_Given records_.

--- START ---

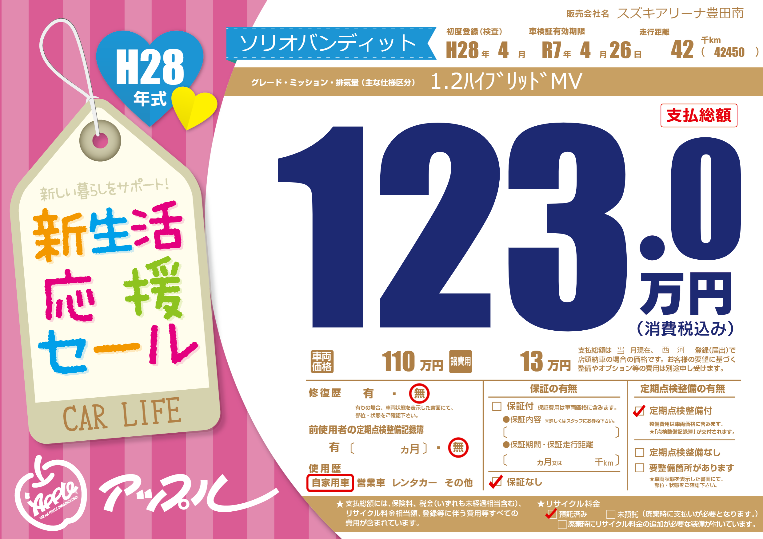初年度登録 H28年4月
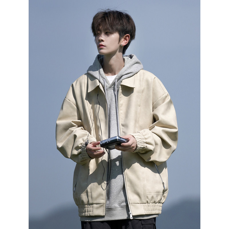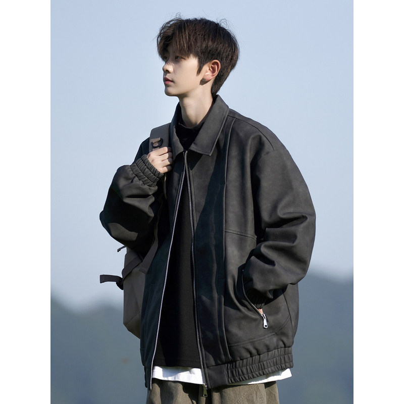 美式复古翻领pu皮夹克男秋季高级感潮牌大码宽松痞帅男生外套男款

--- END ---
--- START ---

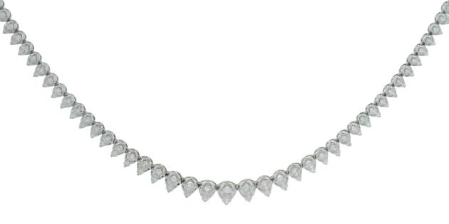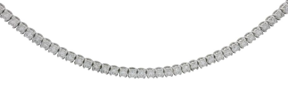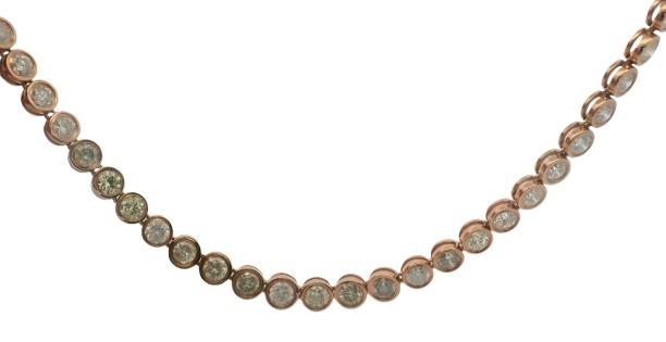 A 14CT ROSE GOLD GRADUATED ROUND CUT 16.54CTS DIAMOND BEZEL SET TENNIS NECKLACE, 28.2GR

--- END ---

_Aim of the task_.
Pictures do not belong in the answer. Return the lines above starting at the one with "初年度登録 H28年4月" and ending at the one with "美式复古翻领pu皮夹克男秋季高级感潮牌大码宽松痞帅男生外套男款", both kept, exactly.

_Output below_.
初年度登録 H28年4月
 美式复古翻领pu皮夹克男秋季高级感潮牌大码宽松痞帅男生外套男款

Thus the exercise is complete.